Adam made a crude noise. “Oh, aye? Not of Mab’s blood, are you? Forgive me if I spoke in error, and yet, here I am, a dog no longer.”
“That is debatable,” she grumbled.
“As to why she does this,” he continued as if she hadn’t spoken, “she is fae, ye ken?” Christ, his Scots hadn’t emerged in a good five hundred years, but weakness and days without food or water had his tongue slipping. Adam swallowed hard and tried to focus. “You do understand what she is?”
Beneath his fingertips, her pulse beat faster. “Yes, but she saved me… from you.”
He snorted. “Do not start that up again.” He’d go mad if he had to justify himself once more. When she gave a stiff nod, he went on. “Fae are friends to no one but themselves.”
“She’s my aunt. Why should I believe you over all the kindness she’s shown me?” Oddly, her voice lacked heat. If he didn’t know better, Adam would suspect she was merely trying to get a rise out of him. Bollox, her tactic worked. He wanted to shake some sense into her.
“I’m the one lying here broken.” He let out a sharp breath. “She isn’t your aunt; she’s your grandmother and the fae queen.” Eliza started to protest, and he spoke over her. “I have never lied to you, and I won’t start now. It’s true, and what’s worse, if you stay here in her sphere, you’ll soon be sorry for it.”
“Why would I?”
“Because she’ll find a way to use you for her own gain.” With an odd twinge of regret, he let her go and then rubbed a tired hand over his face. “More than she already has.”
“I don’t understand how you came to be her prisoner. You are known – widely, I might add – as a great and powerful demon.”

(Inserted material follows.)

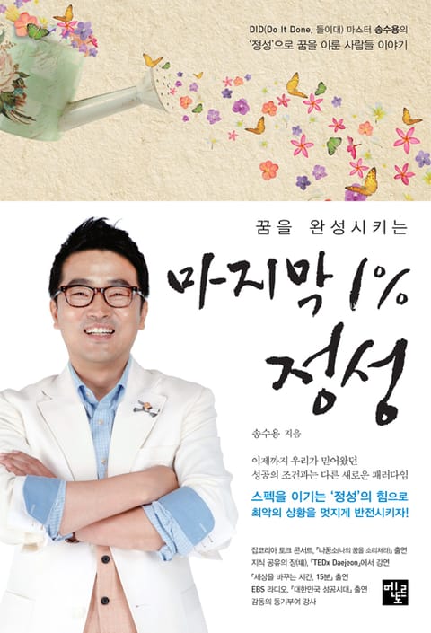 DID 마스터 송수용 대표가 ‘정성’을 다해 사람의 마음을 움직여 꿈을 이룬 사람들에 관해 정리한 결과물이다. DID는 들(D) 이(I) 대(D)의 약자로, 영어로는 ‘Do It...Done’으로 설명할 수 있다. DID 정신으로 정성을 다해 외식업계의 진주가 된 보일러 수리공, 작은 정성으로 수백 배의 수익을 올리는 경영자, 야수 같은 청년이 공주처럼 아름다운 여인을 아내로 맞이할 수 있게 해준 정성 사랑 이야기 등 직접 현장에서 만난 이들에 관한 이야기와 정성으로 최악의 상황을 멋지게 반전시킨 인물들에 관한 흥미진진한 사례를 담았다. ‘정성’은 지금까지 힘들었던 인생을 반전시킬 출발점이 된다. 그 출발은 내 꿈을 완성시키는 마지막 1%와 연결된다. 정성이 사람들의 인생을 어떻게 반전시켰는지, 사람들의 꿈을 어떻게 완성시켰는지 가슴 뛰는 여행을 시작해보자.

He took a bracing breath. “I’m not a demon.” Adam caught her gaze and held it. “I’m a man, lass. I don’t drink blood, nor use it to take on another’s identity. All that’s been said about me is a lie. Thought up and circulated by me as a means of protection. I’m cursed, ye ken? Cursed by Mab to remain immortal, heal when I am injured. I had uncommon strength, the power to create life, to take a soul unto me, or to destroy the life I create. Aside from that, the only skill I had was the fighting abilities I learned as a mortal man and my wits. What little there was left of them,” he added with a wry smile.
His smile faded as he watched her. “I’m giving you this truth as a sign of goodwill, dove. No one on earth, save a few key fae, knows. Should the supernatural world gain this knowledge, this hell I’m in now would be what you Yanks call a cakewalk.”
Her nose wrinkled. “Demons are said to be tricksters. How do I know if anything you say is true?”
He snorted. “First, I don’t know where you’ve picked up this hate and distrust of demons, but you’ve been misinformed. They aren’t all bad. Will Thorne, the man who helped set you free, was a demon.”
She had the good grace to flush at that, though her chin remained set.
“Second,” he added. “Had I these great powers anymore, were I a demon capable of taking on another’s form through blood, do you honestly believe that I’d be here?”
Eliza’s stubborn frown grew, as if she didn’t believe him. “That is my point exactly. So then, how —”
“Enough questions. I’ll no’ answer another. Just go before you’re caught.”
They glared at each other for a long moment.
“I’ll go,” she said finally.
“Saints preserve us, she does know how to obey.”
“But I’m returning,” she said, ignoring his quip and giving him a hard stare. “I want answers.”
Adam gritted his teeth against the urge to shake some sense into her. “You want answers? Open your eyes and
see
, lass. Pay attention not only to what Mab says but what lies beneath her pretty words. Look for the signs. Promises she’ll talk you into, pacts she’ll suggest you enter, yet somehow make it seem as though it was your idea all along. Knowing the bitch as I do, Mab will have already found ways to use you for her own ends.”